To turn this destructive calculus around, Freudenberg told Bittman, “What we need is to return to the public sector the right to set health policy and to limit corporations’ freedom to profit at the expense of public health.”
Instead of asking “Do people have the right to smoke?,” Freudenberg and Bittman agree, we should ask: “Do people have the right to breathe clean air?” Instead of “Do junk food companies have the right to market to children?” we should ask: “Do children have the right to a healthy diet?” Instead of “Do we have a right to bear arms?” we should ask: “Do we have the right to be safe in our streets and schools?”
Reframing the debate with these questions, Freudenberg says, has led to changes in the food and beverage, tobacco, alcohol, firearms, pharmaceutical and automotive industries.
But we must go further. The labor practices of many industries also have huge impacts on health. The unspoken assumption today is business owners have the right to run their businesses as they see fit. Neoliberalism proclaims that reducing government regulation is essential for a healthy economy. But don’t workers have the right to live healthy lives?
In the past, the answer has only sometimes been yes. The once-powerful alliance of labor and workplace safety advocates won a series of rights for workers, including the 40-hour week and weekends off, a minimum wage, and occupational health and safety standards. But the political pendulum has swung back in the direction of corporate power, and dangerously too far.
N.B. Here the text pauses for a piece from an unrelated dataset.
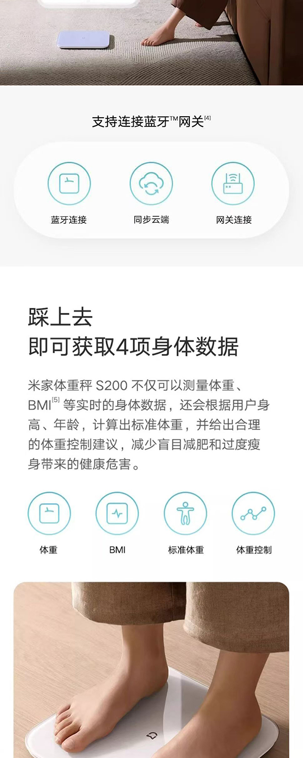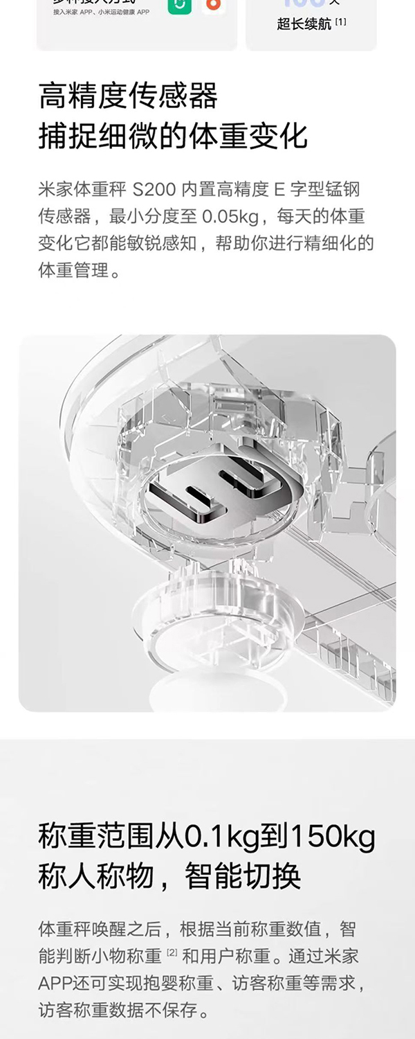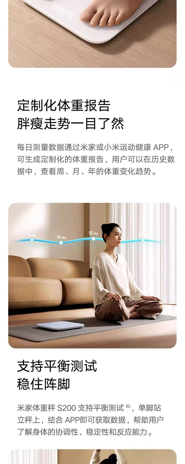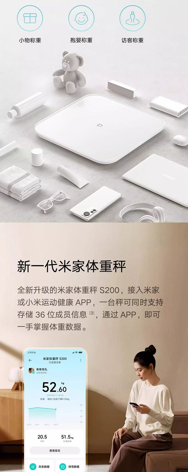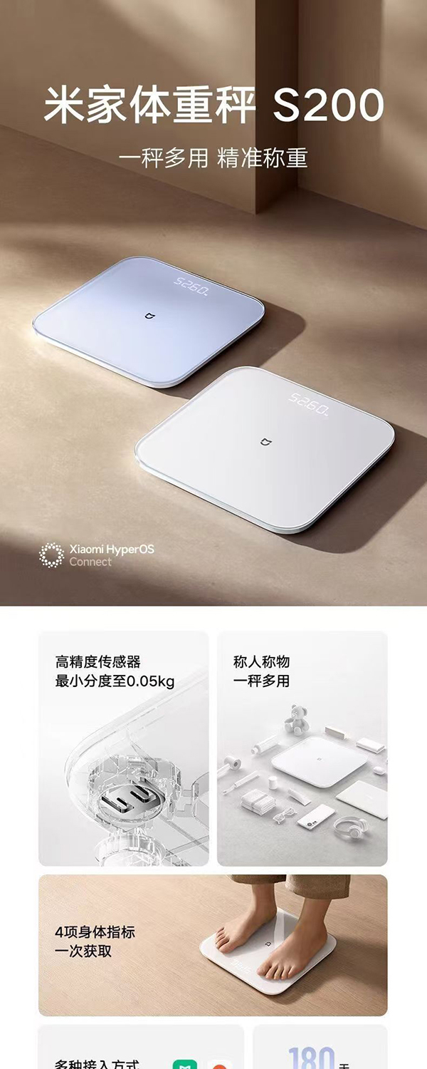 小米体重秤S200家用智能电子秤精准健康米家体重秤减肥宿舍神器

- Minimum wage hasn’t kept up with inflation, so many people are working but not earning enough to escape poverty. Living in poverty has a huge impact on health and well being. Efforts to raise the minimum wage are in progress across the nation, and public health professionals should be supporting these efforts.
- About 40% of U.S. workers – and 70% of restaurant workers – are not given paid time off for illness. Health Impact Assessments conducted by Human Impact Partners (HIP) on paid sick days legislation show clearly that workers and society as a whole benefit when workers take time off and avoid spreading infectious disease. Visits to emergency rooms also drop.
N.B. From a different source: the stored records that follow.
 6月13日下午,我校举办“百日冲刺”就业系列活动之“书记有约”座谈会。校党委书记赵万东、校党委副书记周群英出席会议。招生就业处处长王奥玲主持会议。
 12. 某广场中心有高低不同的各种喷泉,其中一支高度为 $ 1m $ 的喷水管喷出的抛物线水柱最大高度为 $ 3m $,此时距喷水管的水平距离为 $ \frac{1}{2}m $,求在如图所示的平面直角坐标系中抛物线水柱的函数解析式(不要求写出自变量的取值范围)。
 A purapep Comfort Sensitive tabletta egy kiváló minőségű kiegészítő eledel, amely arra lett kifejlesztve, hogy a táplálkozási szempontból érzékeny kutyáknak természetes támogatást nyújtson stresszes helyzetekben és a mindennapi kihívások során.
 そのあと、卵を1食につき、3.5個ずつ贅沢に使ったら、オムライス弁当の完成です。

- Wage theft – the illegal withholding of wages or the denial of benefits rightfully owed to an employee – is a common occurrence among low-income workers. HIP has begun a Health Impact Assessment of wage theft in Los Angeles and are finding that employers stealing their workers’ income has significant negative affects on physical and mental health and well-being for families and children.
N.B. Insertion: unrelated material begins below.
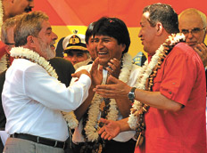 Morales agradeció la ayuda financiera de Brasilia y Caracas y dijo que antes los créditos para financiar infraestructura para el transporte venían de organismos de crédito que a cambio exigían la privatización del servicio. Elogios para Evo a pocos días del plebiscito.

- Both in the U.S. and abroad, too many business owners cut corners on worker safety to increase profit. The recent garment factory fires in Bangladesh and Pakistan that killed and injured hundreds of workers are a clear example.
What obligations do corporations have back to society and their workers? Should profits for owners be valued over everything else, including health? The public health community should lend its support to campaigns that seek to ensure that corporations are not allowed to profit at the expense of workers. Asking those questions, and others, is a good start.
Jonathan Heller is co-director of Human Impact Partners, an Oakland, Calif., nonprofit that conducts community-based studies of the health and equity impacts of public policy.